**What is being asked:** Please produce an exact copy of only the lines from the one with "From the publisher's" through the last one of the material, without pictures.

**Dataset content:**
+-------+
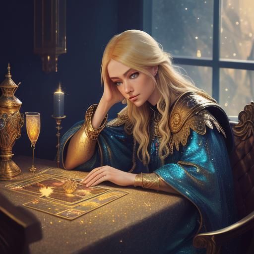 A close-up portrait of a blonde tarot reader with blue eyes at a table. The image is fantasy art with soft golden light, deep shadows, glitter, sparkles, and a phoenix.
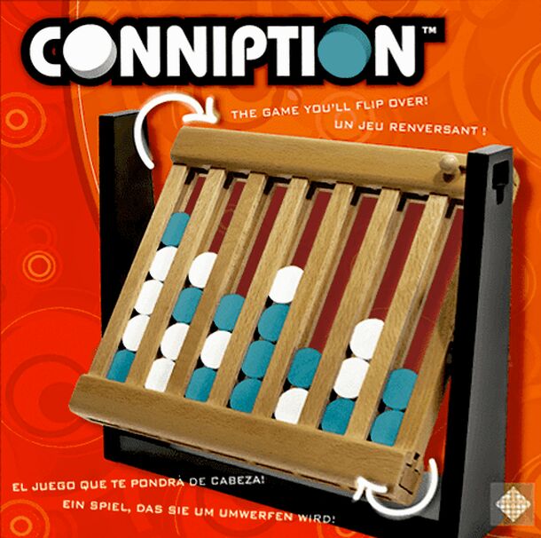 From the publisher's website: You'll be having conniption fits when the playing board is flipped upside down. Watch closely as the colored disks start tumbling into new color sequences. Will they land in winning color combinations for you, or for your opponent? Yikes! In turn, players drop their discs down the vertical slots. But first, they must decide to...
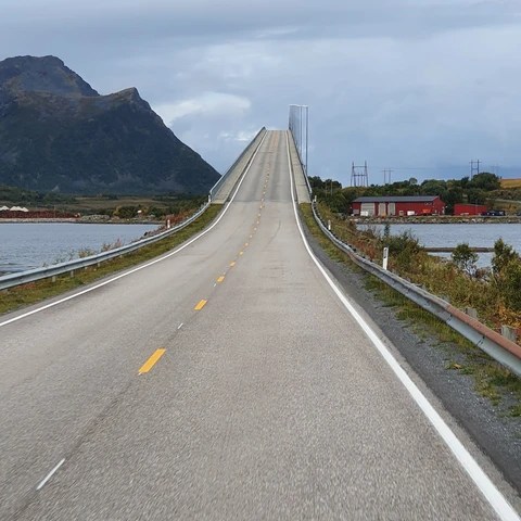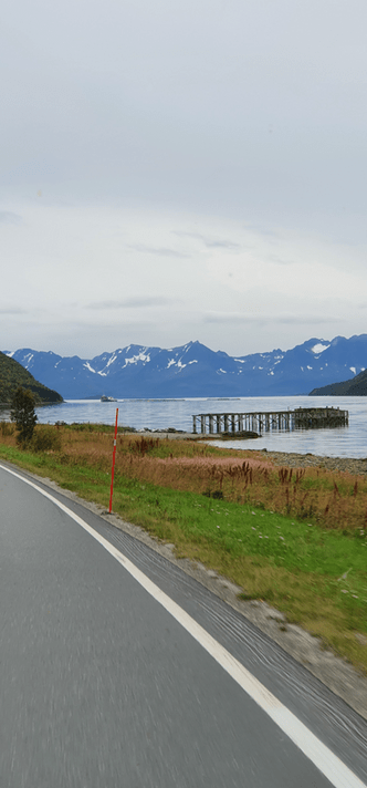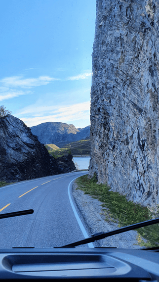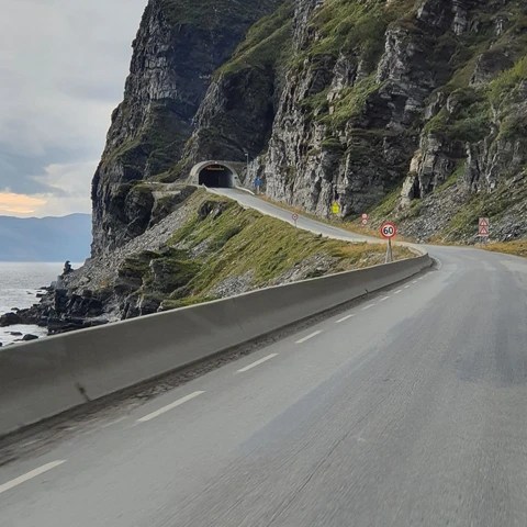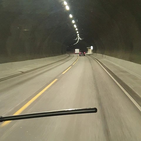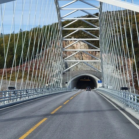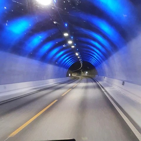 Vi kjørte i veldig mange tunneler og over mange bruer. Det er så enormt mange tunneler og bruer i dette landet. Og nordover var de overalt. Tunnelene går gjennom fjell og under fjorder. Bruene binder mange øyer og fastland sammen. Ikke minst er mange av tunnelene sikkert veldig gode å ha når vinteruværet setter inn.
+-------+
**Finished task:**
 From the publisher's website: You'll be having conniption fits when the playing board is flipped upside down. Watch closely as the colored disks start tumbling into new color sequences. Will they land in winning color combinations for you, or for your opponent? Yikes! In turn, players drop their discs down the vertical slots. But first, they must decide to...
 Vi kjørte i veldig mange tunneler og over mange bruer. Det er så enormt mange tunneler og bruer i dette landet. Og nordover var de overalt. Tunnelene går gjennom fjell og under fjorder. Bruene binder mange øyer og fastland sammen. Ikke minst er mange av tunnelene sikkert veldig gode å ha når vinteruværet setter inn.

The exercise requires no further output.